A trip around the world from the comfort of your Spotify account
A trip around the world from the comfort of your Spotify account
I like music. In particular, I like discovering new music that’s different to the music I’ve already heard. The desire to find that different music has led to my Spotify playlist containing music spanning from Clown Core to Pokemon Pickup Lines to Mongolian Folk Metal.
While it can be fun seeking out new interesting music, I’ve come to enjoy the tastes of new music I get on Mondays and Friday’s in Spotify’s auto-generated Discover Weekly and Release Radar playlists. What I wanted was another weekly playlist that generated much more varied suggestions than those two could provide.
While there’s no short supply of styles of music performed by English-speaking musicians, I felt that musicians writing music in other countries and languages were at least more likely to have styles that were different to the music I’d listened to before. As such, I set out to set up a system to deliver me a new playlist that somehow pulled song recommendations from several different counties.
How do?
Aside from the playlists automatically generated in members’ accounts, Spotify also generates various shared playlists including ones that aggregate the current 50 most popular songs (by whatever metrics Spotify uses to evaluate their popularity). Those Top 50 playlists are generated in many (though not all) of the regions in which Spotify operates and are a great source from which to pull recommendations of new music.
Only having the 50 most popular songs from each country as candidates for my playlist does mean that I’m not going to be discovering any niche artists. There is, however, a high chance that I, living in South Africa, have never heard of the majority of artists on the Top 50 playlist in Thailand; they’re new to me, so for now, I’m not too hung up on the fact that I’m likely hearing the most commercial music that each country has to offer.
So, the plan, at a high level was:
- Get a list of every country in which Spotify operates
- Use that list to find every existing regional Top 50 playlist
- Every Wednesday morning, pull 40 random songs from those playlists and use them to create a Global Playlist
Making it happen
You can find the source code for the project on GitHub. It’s not a hugely complex system (it’s really just the steps I listed in the previous section), so here I’ll just run through some of the more interesting bits of functionality.
Finding markets
Spotify is available in many countries around the world (which they call “markets”) and makes the list available through a convenient markets API. The list of markets is a list of ISO3166 country codes.
I grabbed a list of country codes from and manually turned them into JSON for use at runtime. That way, I could easily turn ZA
into a search for Top 50 South Africa
.
Cloudy with a chance of meatballs
I wanted the script to run automatically every week, but also don’t currently have a home server (or always-on PC) from which to run in, so I ran it in the cloud! There’s nothing groundbreaking (or even particularly complex) in the way that it works. Once a week on a Wednesdays, a CloudWatch event triggers a Lambda where all of the business logic runs. Anything that I need to store between runs goes in DDB.
With the architecture being as basic as it is, I didn’t bother with CloudFormation and instead clicked through the console to create the necessary resources. I then implemented a basic caching client to encapsulate the DDB interactions.
Constraints
After the first playlist was generated, I realised that I wanted to add some additional constraints:
- Some artists are a little too popular and dominate the Top 50 playlists of many countries simultaneously. As a result, instead of being an interesting selection of music from around the world, the playlist ended up being mostly Bad Bunny and Harry Styles the first time it was generated. To fix that, I added a constraint that prevented an artist from having more than one song in the playlist.
- If song has multiple listed artists, none of them can have any other songs in that week’s playlist
- Because many songs at the top end of the Top 50 playlists end up hanging around for several weeks, I started to see those showing up in the playlists for multiple weeks in a row.
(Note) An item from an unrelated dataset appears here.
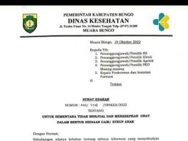 Dinkes Bungo Keluarkan Surat Edaran Larangan Penjualan Obat Sirup
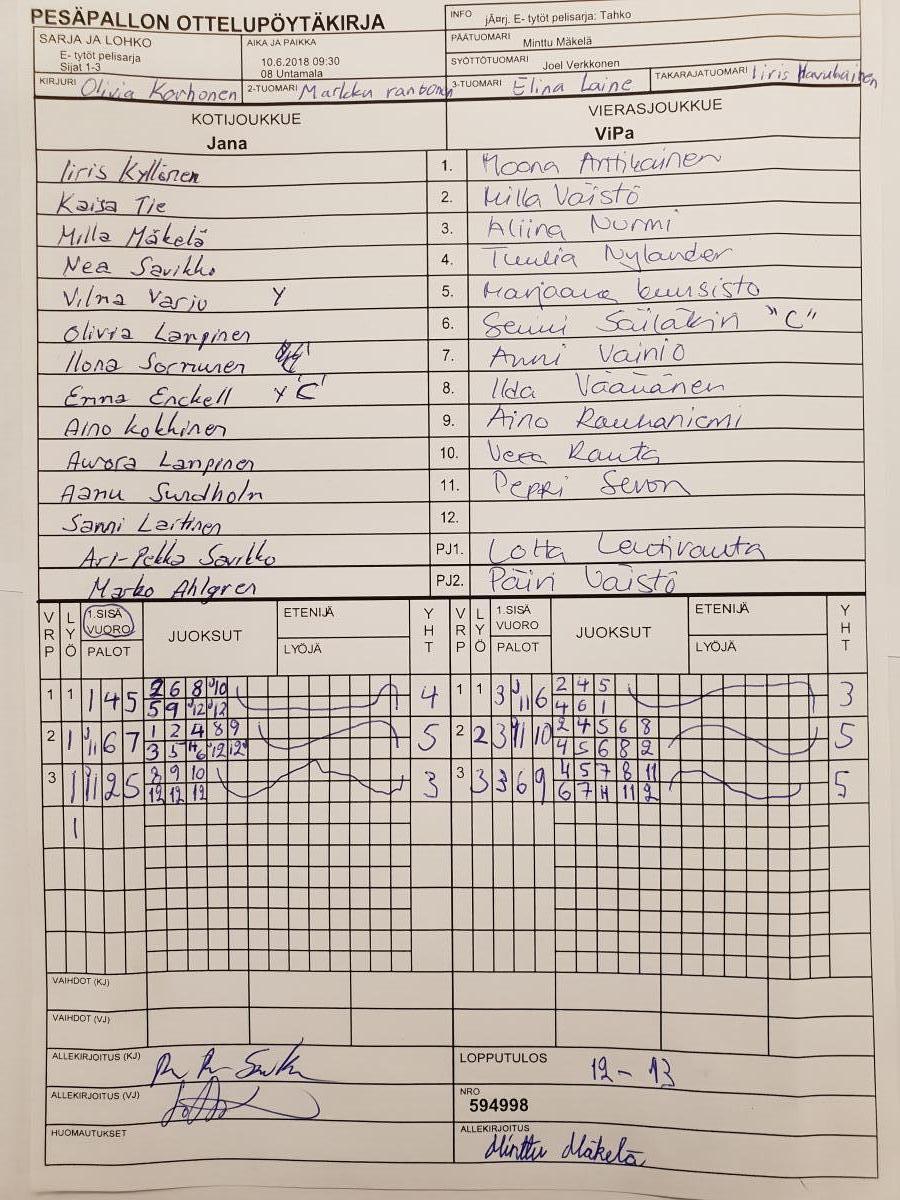 | 8.6.2018 13:30 | E- tytöt pelisarja | Alkusarja | ViPa | LaJy/Myve | 10-9 | Jana | näytä |

I added a DDB table to keep track of the songs that had already been in the playlist to ensure that they only ever appeared once.
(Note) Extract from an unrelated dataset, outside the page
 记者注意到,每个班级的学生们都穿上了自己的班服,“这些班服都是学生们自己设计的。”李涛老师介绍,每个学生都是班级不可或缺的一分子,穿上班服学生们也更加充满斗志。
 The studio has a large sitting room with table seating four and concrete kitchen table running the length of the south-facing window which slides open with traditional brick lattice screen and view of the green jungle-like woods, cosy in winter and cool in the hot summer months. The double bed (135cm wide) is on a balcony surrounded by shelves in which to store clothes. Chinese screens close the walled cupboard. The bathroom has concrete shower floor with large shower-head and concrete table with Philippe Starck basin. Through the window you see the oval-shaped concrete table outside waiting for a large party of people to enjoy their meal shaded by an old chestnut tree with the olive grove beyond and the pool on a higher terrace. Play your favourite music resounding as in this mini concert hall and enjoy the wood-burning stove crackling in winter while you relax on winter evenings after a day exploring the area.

- Not all markets in which Spotify operates have their own Top 50 playlists. Many of those that don’t, however, have similar “Viral 50” or “Hot” playlists, so I expanded the search to include those where necessary.
The results
Here it is! 1x weekly global playlist:
Future development
There are several developer experience improvements around updating the Lambda, getting hold of Spotify API tokens, and invalidating the song cache that I could look at. Given that the workflow is pretty much fire-and-forget (I’ve touched it once since I set it running), there’s no need to make those one-time processes easier yet.
With a couple more hours of effort, I could also have the script generate playlists in other accounts to let users have their own global playlists, but they’d all pull from the same set of “Top 50” playlists and would all end up being pretty similar. An interesting extension of this idea would be to allow users to specify the playlists from which they’d like to pull every week. That’d allow them to curate the sources of music to some extent while still getting a pleasant surprise when the playlist is re-generated.